Opinion / Op-Ed Contributors

Adults need toilet training of sorts

By He Jingwei (China Daily) Updated: 2013-11-22 07:20

In a developing country, the shift of public attention to issues such as public toilets is reflective of the society's progress. Public toilets are important "infrastructure" related to public health and in China deserved greater public attention on World Toilet Day on Tuesday.

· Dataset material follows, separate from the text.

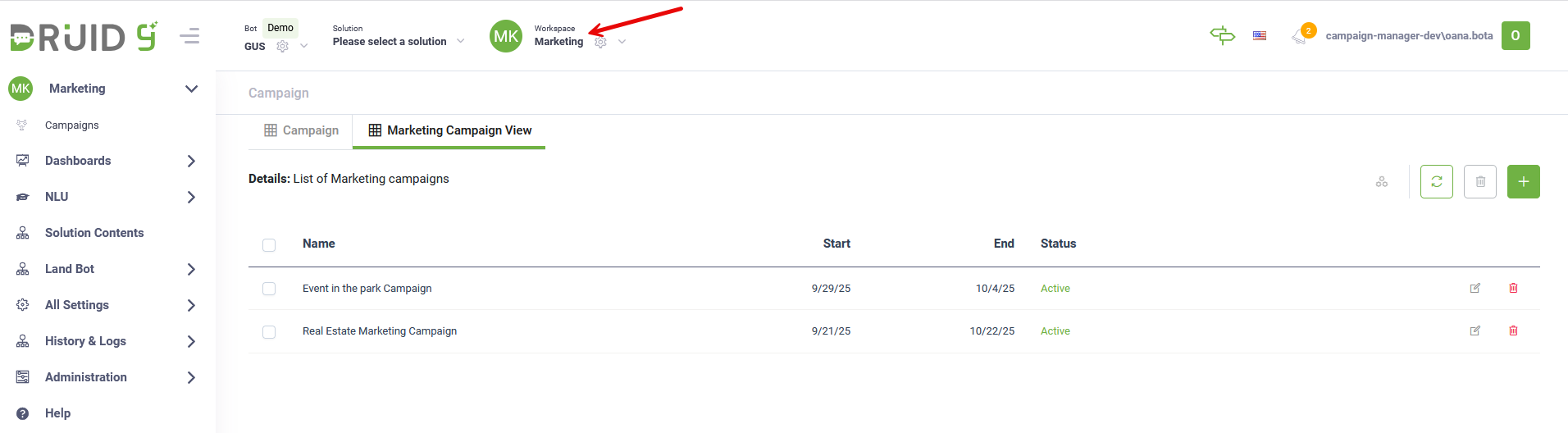 To build your first campaign, select the Marketing workspace and follow these steps:

Last month hundreds of runners urinated outside the Forbidden City during the Beijing Marathon, which was a major embarrassment for the event organizers who were blamed for failing to provide enough mobile toilets. Two months before this, new legislation in Shenzhen, stipulating that the users of public toilet in the city will be fined 100 yuan ($16) for missing the mark, received more derision than applause, due to the impossibility of enforcing it. Recent years have also seen several high-profile campaigns launched by women to "occupy" men's washrooms, in a bid to get more facilities for women. Pit latrines, squat toilets, buzzing flies and unpleasant smells, public toilets in China used to be a major intimidation to foreign travelers after China opened the door in 1980s. One of my Singaporean friends keen to take his young children for a second visit back to rural Hainan, to get closer to the family's roots, was quickly rebuffed by the kids who were scared of the toilets in China's countryside.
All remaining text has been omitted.